В отличие от Августина, полагавшего государство и его законы исторической необходимостью, зависимой от первородного греха, Фома, следуя здесь за Аристотелем, видит в государстве природную необходимость бытия человека, поскольку он — человек. Законы, установленные человеком, исходят из естественного закона двумя способами: дедуктивно или путем спецификации более общих норм. В первом случае мы получаем право человеческое, во втором — право гражданское. Из первого, например, вытекает запрет на убийство, но вид наказания за уже совершенное убийство — из второго, гражданского и уголовного права. Последнее есть социальная и историческая проекция естественного права. Предписания позитивного права исходят из естественного права, они присутствуют в сознании; казалось, общество могло бы не фиксировать их юридически, и все-таки мы находим правовые установления для тех, кто склонен к порокам и не поддается убеждениям. Закон призван вынудить избегать зла тех, кто не делает этого по доброй воле, с тем, чтобы сохранить мирный покой всех остальных. Так люди с дурными наклонностями сначала по принуждению, потом по привычке научаются делать должное и, возможно, становятся добродетельными, избавляясь от страха. Принудительная сила закона кроме охранительной функции, по Аквинату, имеет еще и педагогическую. Закон должен исходить из факта несовершенства людей. Он не может заблокировать все пороки, но те, которые растлевают других, — может, и более того, — обязан. Убийства и воровство грозят смертью всему обществу, поэтому важно поддерживать не все, но те добродетели, которые умеют противостоять наиболее опасным порокам.
Существенно, что, когда человеческий закон, будучи природным по происхождению, входит в противоречие с естеством, с этого момента он не существует как закон. Аквинат солидарен с Августином в том, что закон, чтобы быть законом, должен быть справедливым, в противном случае мы имеем тотальную коррупцию. Теорию справедливости — юстицию — святой Фома определяет как "постоянное волевое усилие находить для каждого свое право", что вполне в духе Аристотеля и Цицерона. Однако он уточняет: юстиция — это предрасположенность души, дающей воле постоянство и неустранимость в нахождении права каждого. Справедливость бывает коммутативная и дистрибутивная, относящаяся к человеческому общению и распределению между членами сообщества.

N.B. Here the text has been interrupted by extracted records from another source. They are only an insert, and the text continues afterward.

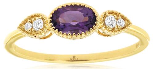 14KT YELLOW GOLD FUN RING. 3D FILIGREE DOUBLE LEAF DESIGN. ROUND DIAMONDS ARE F/G COLOR, VSSI CLARITY .05 CARATS. AAA EXTRA FACETED OVAL AMETHYST IS .40 CARATS. RING SIZE 7. CAN BE SIZED BY OUR MASTER JEWELER UPON REQUEST. WRITTEN APPRAISAL AVAILABLE. COMES IN A PRESENTABLE GIFT BOX.
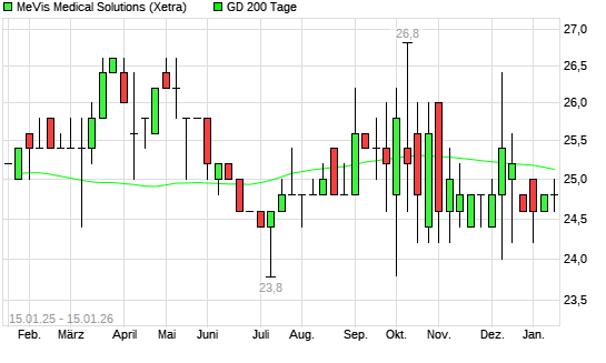 Mit dem Rücksetzer auf 24,40 EUR hat die MeVis Medical Solutions-Aktie am 14.01.2026 die 200-Tage-Linie nach unten gekreuzt.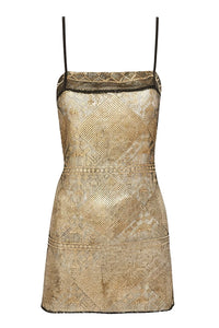 Drawing inspiration from the grandeur of Ancient Egypt and Art Deco design, this shimmering mini dress features intricate geometric patterns that catch the light with every movement. Delicately finished with a hand-stitched hem and elegant spaghetti straps, it’s the perfect piece for a night of dancing and decadence.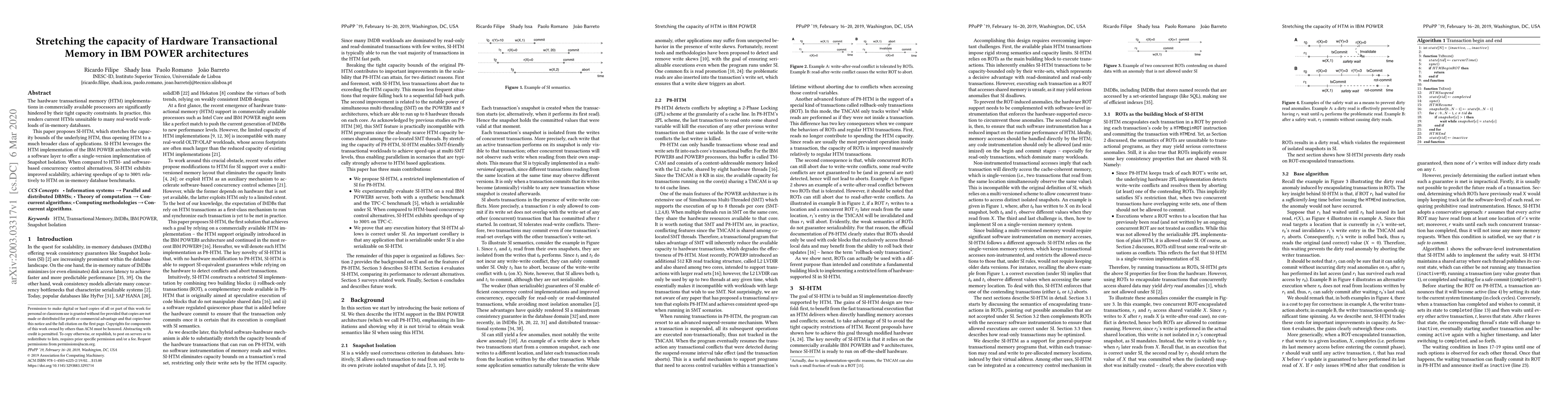 This paper proposes SI-HTM to enhance the capacity of hardware transactional memory (HTM) in IBM POWER architectures, enabling broader application use. SI-HTM combines HTM with a software layer for Snapshot Isolation, demonstrating up to 300% speedups over HTM alone in in-memory database benchmarks.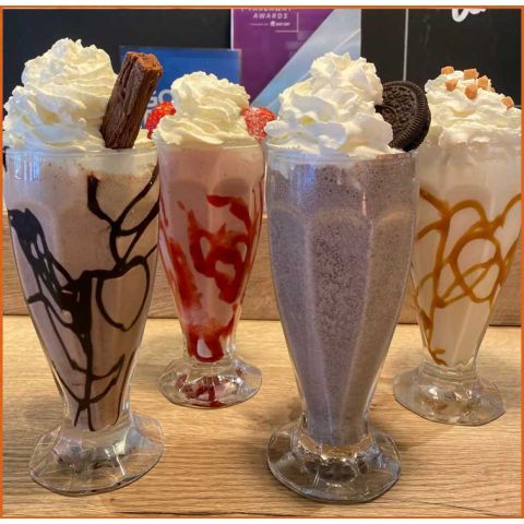 Chocolate MilkshakeMilk, Vanilla ice cream, Cadbury chocolate, chocolate sauce blended to a delicious 16oz thick shake topped with whipped cream -
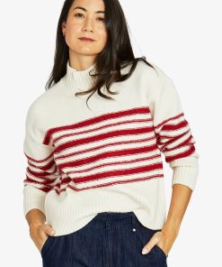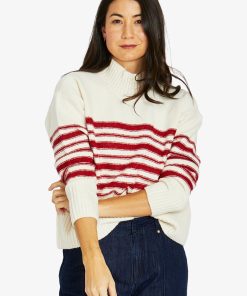 Jump Reverse Stripe Pullover – Ivory/Cherry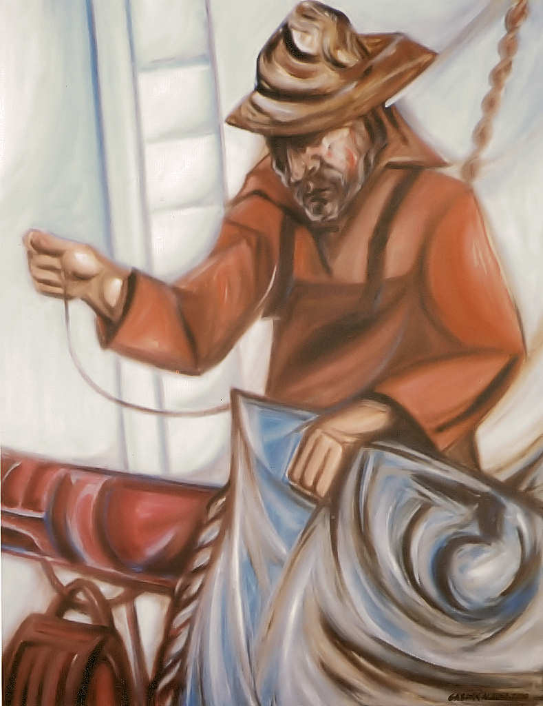 13 - Cosendo o Pano - Óleo sobre tela (90x70 cm)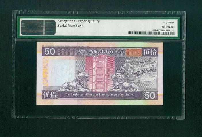 2001 香港上海滙豐銀行 $50 PMG 67 EPQ 編號: DV000004(4號仔)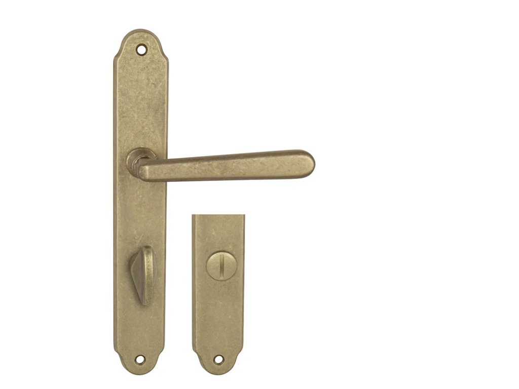 Štítová klika na interiérové dveře s rustikálním štítem je vyrobena z materiálů vysoké kvality - mosaz a je povrchově upravena. Rustikální štít má rozměry 36 mm x 238 mm.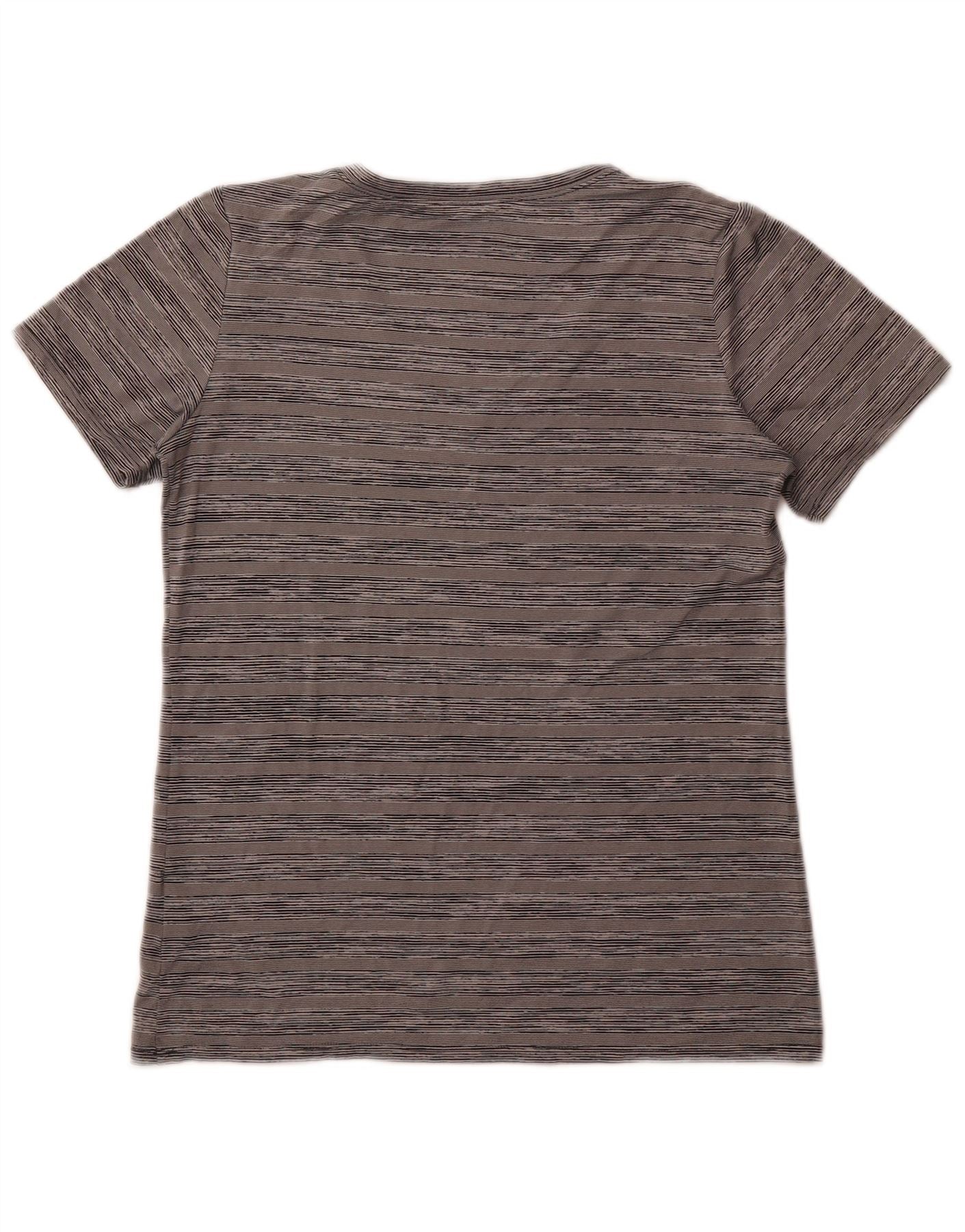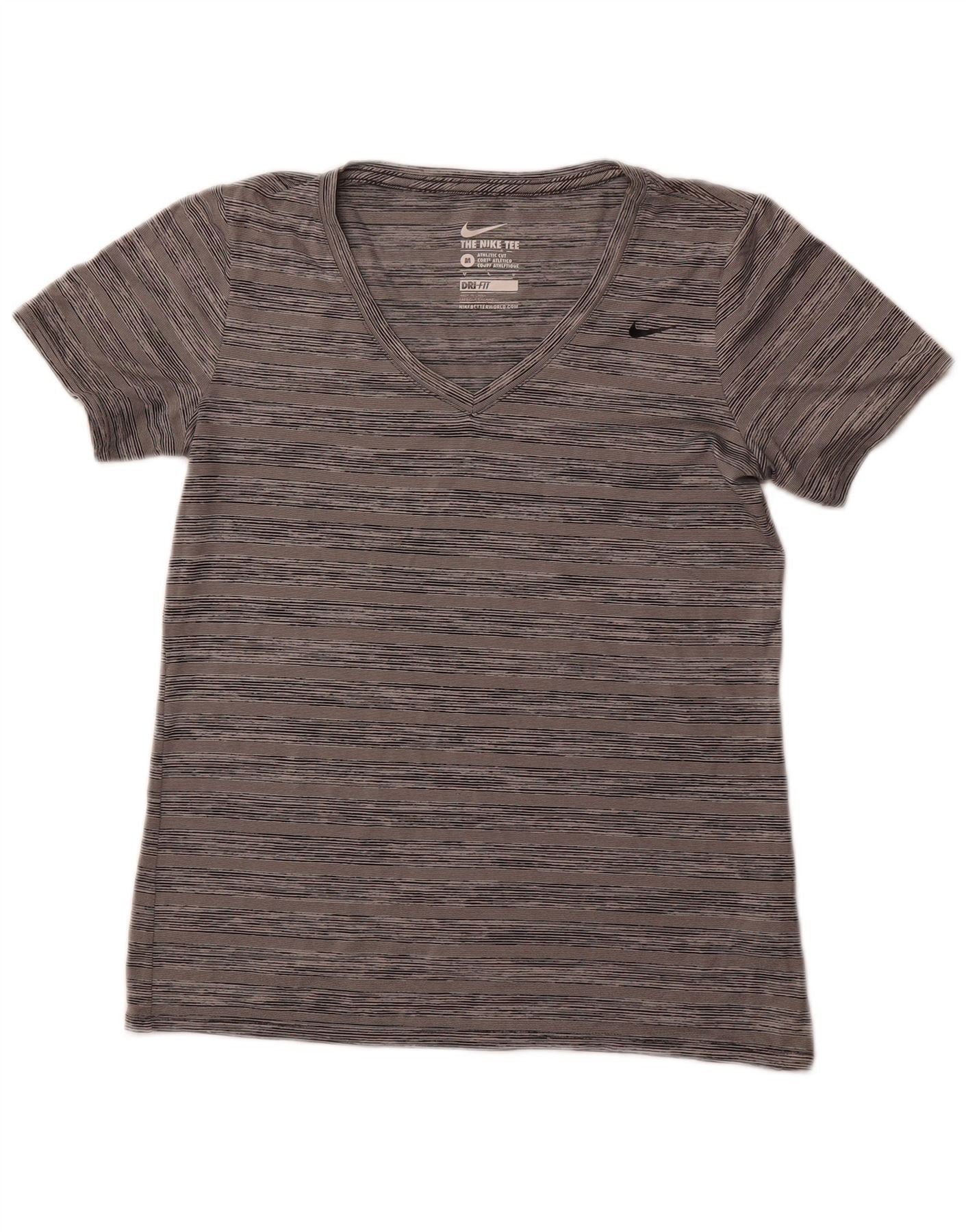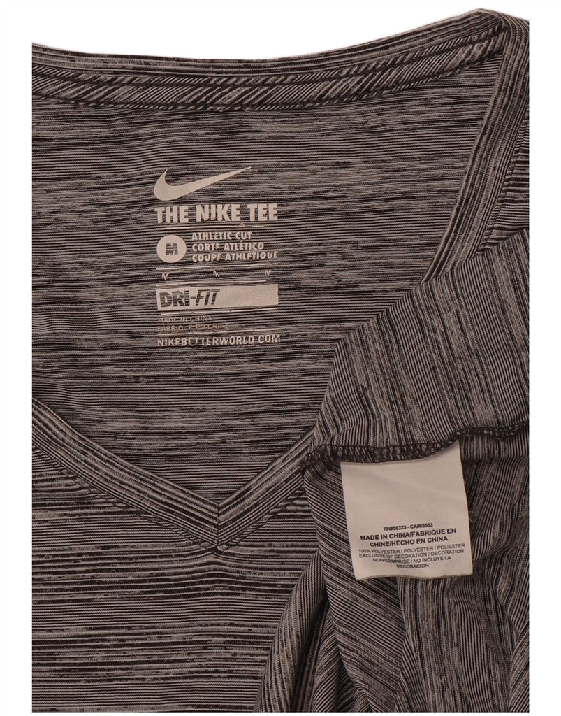 NIKE Womens Dri Fit T-Shirt Top UK 12 Medium Grey Striped Polyester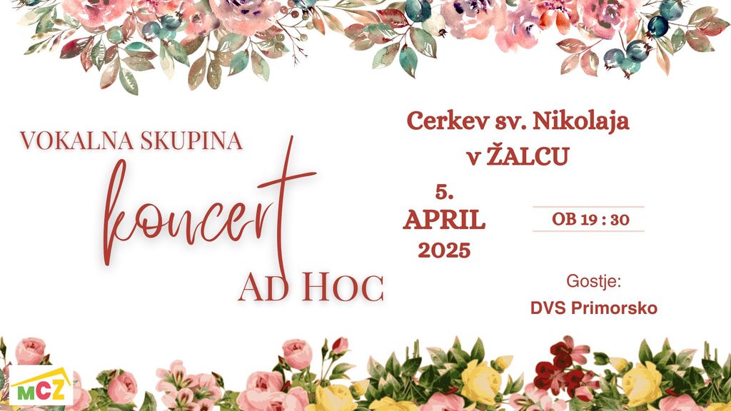 Vljudno vabljeni na Koncert Vokalne skupine Ad Hoc, ki bo 5. aprila v cerkvi Sv. Nikolaja v Žalcu. Koncert bomo izvedli skupaj z našimi prijateljicami iz zamejstva DVS Primorsko iz Mačkolj pri Trstu.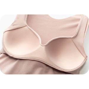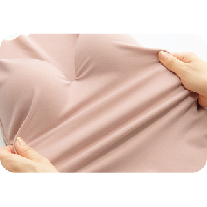 アンダーゴムなしの左右一体型カップが、サイドに流れがちなバストを整え、立体的な美胸に。肌当たりやさしいオーガニックコットン混の生地で快適フィット。
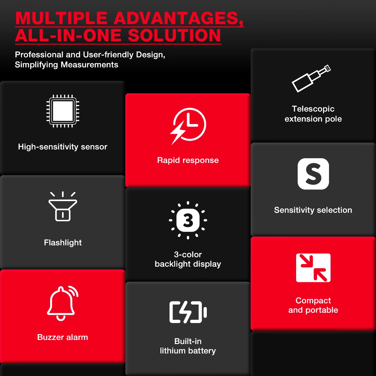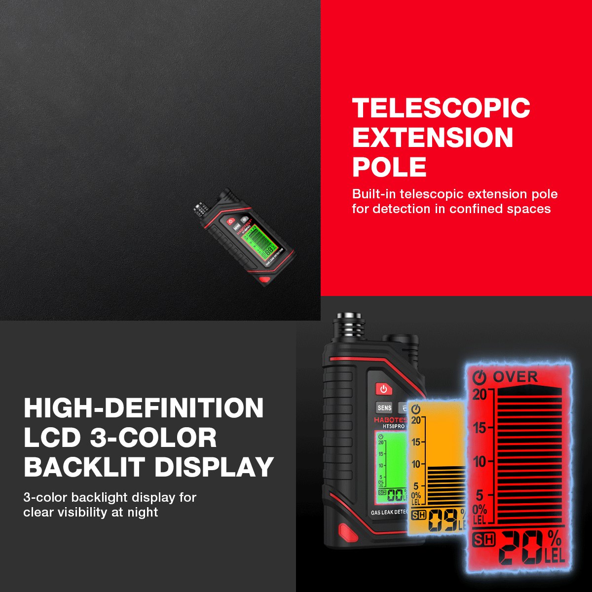 – Telescopic Extension Pole: Built-in telescopic extension pole enables detection in confined spaces.

Моральная ценность закона, полагает Аквинат, диктуется естественным правом. Несправедливый юридический закон несет в себе насилие, однако и такой закон может считаться обязательным к исполнению в случае необходимости пресечь скандальный беспорядок. В случае противоречия закона человеческого Божественному, неподчинение такому закону Фома считает безусловно необходимым, например в случае санкционированного властью идолопоклонства. Восстание против тирана также оправдано, ибо для подданных хуже и больше зла, чем тирания, уже не может быть.
Наилучшая форма правления, согласно томизму, — монархия, верный гарант порядка и единства государства. Наихудшая — тирания, двигатель которой — грубая сила, зло. Чем эффективнее и организованнее эта сила, тем порочнее. Это своего рода кривое зеркало: верная форма правления тем сильнее, чем больше в ней единства, как уже говорилось.
Государство может и должно направлять людей к благу всех, способствовать некоторым добродетелям; позитивное право служит человеку в достижении его земных целей. Но государство бессильно в достижении цели сверхъестественной, которая всегда актуальна для человека, поскольку он человек. Ни природный, ни человеческий законы здесь недостаточны. Лишь закон Откровения, позитивный закон Бога может привести к неземному блаженству, а оно заполнит и искупит все несовершенства человеческих законов.
Итак, в согласии с классической парадигмой, естественный закон — это природный разум. Критерий, по которому человек способен отличить добро от зла, — разум, управляющий его поступками. Последняя цель достижима, если он ведом законом Божественным, и это снова разум, знающий естественный закон. Последний скорее есть природный инстинкт, чем естественное право. Не природное заключено в правовых нормах и в Евангелии, но эти нормы суть сам Божественный закон, а человеческий разум подчиняется законам естественного права.
Вера ведет разум
"Нет ничего помимо Бога, и этот Бог — бытие: таков краеугольный камень христианской философии; он установлен не Платоном, не Аристотелем, но Моисеем" (Жильсон). Бог — бытие высшее, совершенное, истинное. Все прочее — плод его свободного и сознательного действия. Это положение — своего рода ценностный метроном, предпосланный философскому дискурсу. Когда философское положение, говорит Фома, противоречит утверждению веры, ошибкой, без сомнения, мы обязаны философии.